Enerfax Daily analysts said that rebuilding potentially record-low US gas storage "will be far more difficult because the amount of new gas drilled in the US continues to dwindle as old fields yield less gas and demand rises as the economy recovers."

"Natural gas demand is expected to rise about 5% in 2003 after being flat in 2002, and US production is expected to fall about 2% after dipping 3% last year. Added to declining domestic production, Canadian imports fell for the first time since 1986 last year. Also, Canadian imports are expected to dip again this year by as much as 3% as it struggles to meet its own rising demand," Enerfax analysts said.

Other futures prices
The April contract for benchmark US sweet, light crudes jumped by 90¢ to $36.48/bbl Monday on NYMEX, while the May position advanced by 71¢ to $35.04/bbl. Unleaded gasoline for March delivery shot up 3.47¢ to $1.05/gal.

Meanwhile, US Energy Secretary Spencer Abraham said Tuesday that, if necessary, the US government is prepared to quickly release emergency oil reserves from the Strategic Petroleum Reserves to offset any disruption of Middle East oil supplies resulting from a war with Iraq.

At an informal meeting with energy ministers from the European Union in Thessaloniki, Greece, Alvaro Silva Calderon, secretary general of the Organization of Petroleum Exporting Countries, reaffirmed that group's determination to ensure secure oil supplies to international markets.

In London, reports that UK and US officials are ready to file a new resolution on Iraq with the United Nations Security Council spurred strong buying of oil futures on the International Petroleum Exchange. The IPE market is being driven by a perception that diplomatic efforts have almost been exhausted and that war is now close, brokers said.

The April contract for North Sea Brent escalated by 88¢ to $33.15/bbl Monday.
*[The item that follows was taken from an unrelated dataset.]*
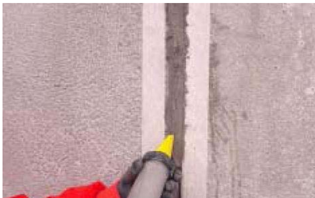
Application of MAXJOINT ELASTIC

Component A: NON toxic, NON flammable. It is not classified as dangerous material for transportation.

However, brokers said there is still room for substantial rises; a surge to a high of $40/bbl, seen at the start of the 1990 conflict between Iraq and Kuwait, would be possible if Iraq is attacked by US-led forces, they said.

The March natural gas contract lost 2.8¢ to the equivalent of $2.70/Mcf on IPE.
The average price for OPEC's basket of seven benchmark crudes gained 60¢ to $32.44/bbl Monday.